• **MATERIALS PROVIDED**:
────────────────────────────────────────

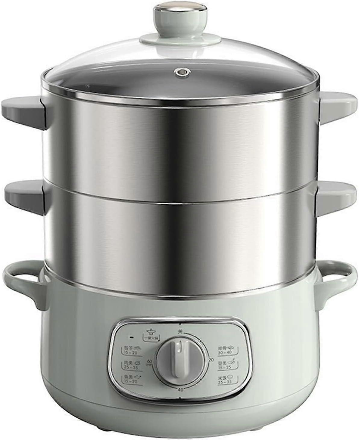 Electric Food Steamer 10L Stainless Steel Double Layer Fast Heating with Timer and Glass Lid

────────────────────────────────────────

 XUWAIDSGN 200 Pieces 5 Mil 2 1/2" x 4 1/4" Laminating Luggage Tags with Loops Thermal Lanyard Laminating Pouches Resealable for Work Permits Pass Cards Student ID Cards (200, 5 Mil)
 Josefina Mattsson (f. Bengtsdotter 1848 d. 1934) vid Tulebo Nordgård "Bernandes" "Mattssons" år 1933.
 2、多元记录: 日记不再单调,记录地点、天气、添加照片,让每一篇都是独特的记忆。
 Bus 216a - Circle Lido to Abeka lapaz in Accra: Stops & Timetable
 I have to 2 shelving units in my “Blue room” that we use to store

────────────────────────────────────────

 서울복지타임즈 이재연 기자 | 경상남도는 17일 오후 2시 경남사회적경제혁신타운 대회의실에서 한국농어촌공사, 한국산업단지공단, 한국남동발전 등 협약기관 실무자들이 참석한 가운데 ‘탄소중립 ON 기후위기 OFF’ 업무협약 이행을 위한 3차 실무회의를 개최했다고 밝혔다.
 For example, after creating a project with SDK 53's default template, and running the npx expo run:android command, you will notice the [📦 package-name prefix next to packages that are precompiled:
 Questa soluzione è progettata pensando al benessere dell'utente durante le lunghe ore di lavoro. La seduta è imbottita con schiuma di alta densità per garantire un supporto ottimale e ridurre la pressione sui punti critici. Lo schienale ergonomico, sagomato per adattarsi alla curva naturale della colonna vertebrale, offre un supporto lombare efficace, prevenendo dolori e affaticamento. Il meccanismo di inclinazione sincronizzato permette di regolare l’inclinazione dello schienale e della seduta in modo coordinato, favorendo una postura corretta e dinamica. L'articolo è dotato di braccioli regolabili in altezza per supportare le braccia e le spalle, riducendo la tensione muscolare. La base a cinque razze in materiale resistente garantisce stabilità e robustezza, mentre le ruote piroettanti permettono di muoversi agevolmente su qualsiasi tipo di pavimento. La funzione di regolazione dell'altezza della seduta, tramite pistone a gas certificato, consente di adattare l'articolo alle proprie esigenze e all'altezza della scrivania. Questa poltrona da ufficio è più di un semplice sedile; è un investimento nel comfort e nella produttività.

────────────────────────────────────────

Reproduce exactly the section above that begins at the line containing "Josefina Mattsson (f." and ends at the line containing "I have to 2", leaving out all other lines.

 Josefina Mattsson (f. Bengtsdotter 1848 d. 1934) vid Tulebo Nordgård "Bernandes" "Mattssons" år 1933.
 2、多元记录: 日记不再单调,记录地点、天气、添加照片,让每一篇都是独特的记忆。
 Bus 216a - Circle Lido to Abeka lapaz in Accra: Stops & Timetable
 I have to 2 shelving units in my “Blue room” that we use to store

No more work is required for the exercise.